Après avoir étouffé les manifestations de masse anti-Harris qui avaient ébranlé l'Ontario de 1995 à 1997, par crainte qu'elles échappent à leur contrôle, les syndicats ont viré encore plus à droite. Une importante section de la bureaucratie syndicale appelait alors à un «vote stratégique» pour défaire les conservateurs, c'est-à-dire voter libéral.

Les syndicats ont été essentiels à l'élection des libéraux en 2003, sur la base d'un programme qui conservait tous les principes fondamentaux de la révolution du bon sens, y compris de grosses baisses d'impôt pour les riches et des coupes dans l'aide sociale et d'autres services. Et ils ont permis aux libéraux de conserver le pouvoir jusqu'à aujourd'hui.
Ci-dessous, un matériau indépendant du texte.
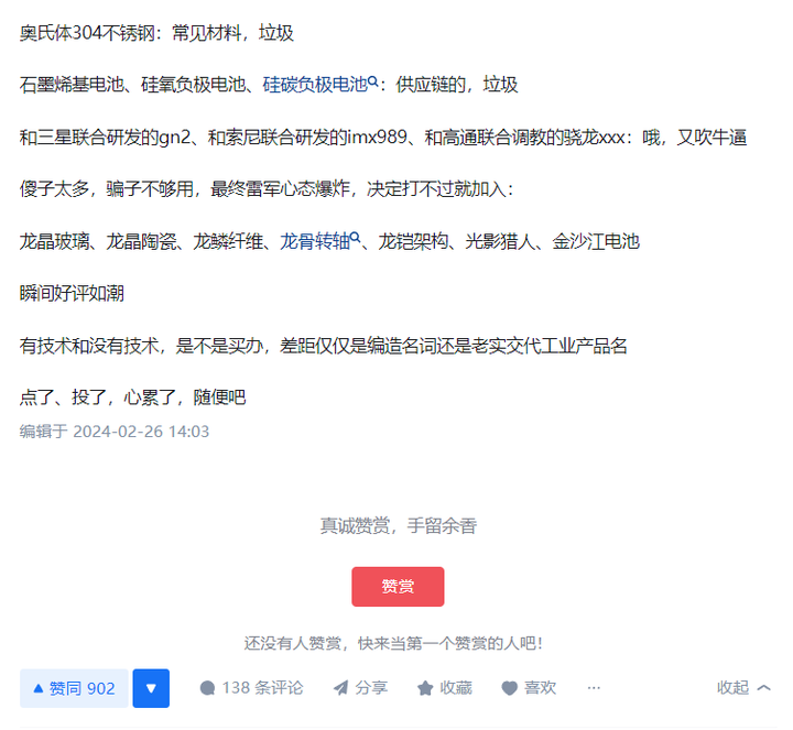 比如下面这个回答,今天你在知乎,微博,B站,都能看到类似的评论,核心思想就是华为的手表也用了微晶陶瓷。。。
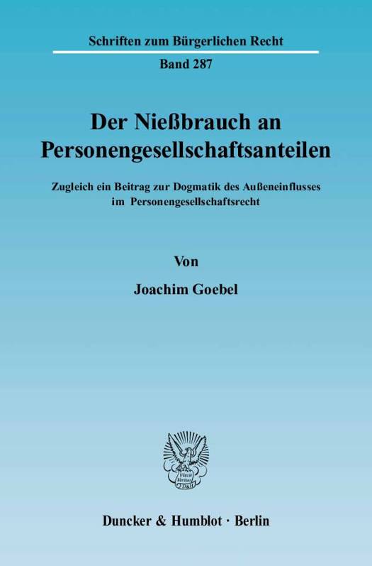 Der Nießbrauch ist ein traditionsreiches Instrument der Privatrechtsordnung. Als dingliche Form der Nutzungsüberlassung gibt es für ihn in der Praxis mangels gleichwertiger Konstruktionsmöglichkeiten auch bei vollhaftenden Anteilen an einer Personengesellschaft keine Alternativen. Der Nießbrauch situiert hier im Schnittfeld nießbrauchs- und gesellschaftsrechtlicher Wertungen. Die Komplexität der Dogmatik wird dadurch enorm erhöht. Kaum ein Satz ist unbestritten. Dies beginnt bei der Frage nach der Zulässigkeit des Instituts, führt zu Schwierigkeiten in der Konstruktion des Nießbrauchstatbestands und endet bei einem Konglomerat diffiziler Rechtsfolgeprobleme. Es liegt daher nahe, monographisch die Voraussetzungen und Grenzen dieser Rechtsfigur näher zu studieren. Der Verfasser widmet sich dabei vor allem grundlegenden, bislang oft vernachlässigten Fragen der Dogmatik. Im Focus steht vor allem der Vorbehalts- und der Versorgungsnießbrauch und dort insbesondere die Verteilung der vermögensrechtlichen und mitverwaltungsrechtlichen Rechte, der mitgliedschaftlichen Pflichten, der Außenhaftung und der Verlusttragung.

Dans la dernière campagne électorale, de nombreux syndicats ont refusé d'appuyer le NPD, même dans les circonscriptions où il pouvait remporter une victoire électorale, pour le punir d'avoir mis un terme à l'alliance parlementaire qu'il maintenait de facto avec Wynne et ses libéraux.

La réalité est que la classe dirigeante dispose de trois partis qui ont tous juré de faire payer les travailleurs pour la crise du capitalisme. La lutte entre ces partis sert à raffiner la stratégie de classe de la grande entreprise et d'étouffer l'opposition populaire en la détournant dans des avenues politiquement inoffensives.

D'une façon semblable, les syndicats sont utilisés pour endiguer la lutte des classes. Ils se sont servis à maintes reprises de la menace d'un gouvernement conservateur d'extrême droite pour intimider la classe ouvrière et justifier leur collaboration avec les libéraux dans l'imposition de l'austérité, c'est-à-dire l'élimination de services publics et les suppressions d'emplois et les baisses de salaire des travailleurs qu'ils représentent.

Les travailleurs et les jeunes doivent prendre garde. Le gouvernement libéral de Wynne, avec la complicité des syndicats et du NPD et dans le contexte de la contre-révolution sociale qui est menée par le patronat et l'ensemble des gouvernements à travers le Canada, va profiter de sa majorité parlementaire pour imposer d'immenses coupes sociales et la privatisation en masse des services publics et des infrastructures. Ce programme va provoquer une opposition de masse. Mais pour que cette opposition soit politiquement viable, elle devra avoir à sa tête une nouvelle organisation de lutte, indépendante des appareils syndicaux réactionnaires: un mouvement politique de la classe ouvrière armé d'un programme socialiste qui lutte pour la création de gouvernements ouvriers à Ottawa et à travers le pays.